Against drag-to-create-nodes-with-preset-styles, this is not a generic style-authoring canvas. The created nodes have semantic types, the accepted connections are constrained, and successful edits feed directly into recomputed totals. Against create-object-from-menu, the workflow is persistent and guided rather than menu-driven: node creation, line creation, rename, numeric editing, and deletion stay visible in one overlay interface. Against use-d3-layout and canvas-selection, the emphasis shifts away from external layout or selection mechanics and toward topology-driven calculation.

The prepared rarity and comparison records point to the same conclusion: this example is a strong starting point when the requirement is a lightweight graph editor whose edges mean aggregation. Its most unusual combination is template-driven node creation, validated line authoring, inline slot-based property editing, recursive summary recomputation, selection-aware deletion, optional relayout, and shared canvas settings or export utilities on one screen.

Where Else This Pattern Applies

This pattern transfers well to KPI rollup designers, budget and cost breakdown planners, revenue decomposition tools, and operational scorecard editors.
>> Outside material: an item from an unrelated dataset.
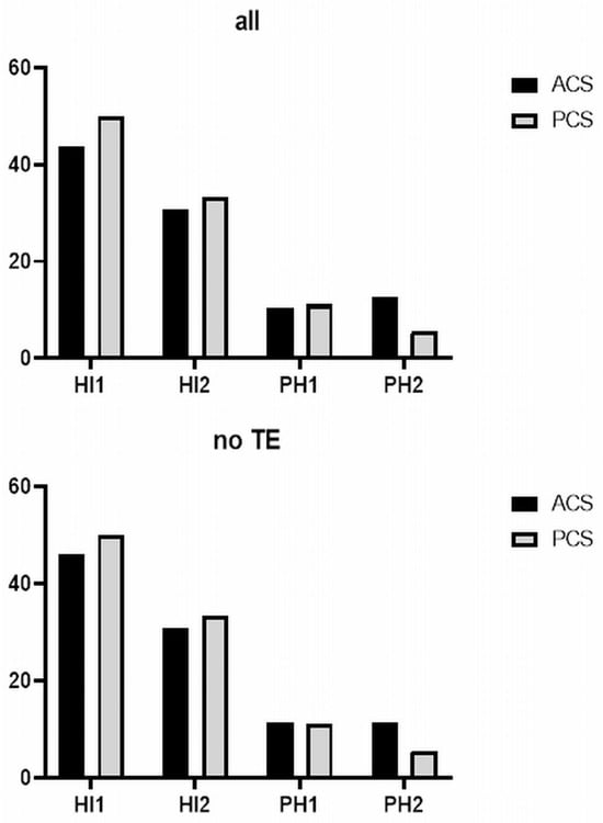 In the entire cohort, a total of 57 patients (22.5%) developed HT (Table 2). The incidence was slightly lower in the ACS group than in the PCS group, with n = 39 (21.0%) versus n = 18 (26.9%), respectively. When comparing the incidence of the specific subtypes of HT according to the ECASS II classification, PCS patients had higher incidences of HI-1, HI-2, and PH-1 compared to ACS patients, but PH-2 was more common in ACS patients (Table 2, Figure 1). The influence of thrombectomy on the occurrence of HT and its severity was also investigated. There was no difference in the incidence of HT or the distribution of the different ECASS II types in all patients depending on whether it was ACS or PCS. No differences were observed between ACS and PCS patients in the overall incidence of HT or patients treated with thrombectomy or conservative (antiplatelet) treatments. However, when considering ACS and PCS patients who did not receive thrombectomy, there was a significantly greater proportion of PCS patients who developed HT compared to ACS patients (p = 0.040) (Table 2).

In those scenarios, users need to model how upstream values feed one or more summary nodes and immediately verify the resulting totals.

It also fits dependency-based planning tools where the graph itself is the calculation model, such as staffing estimates, component cost allocation, or layered target planning. The same slot-based editing pattern can be extended to more fields per node, stricter validation rules, or domain-specific node templates without changing the overall authoring structure.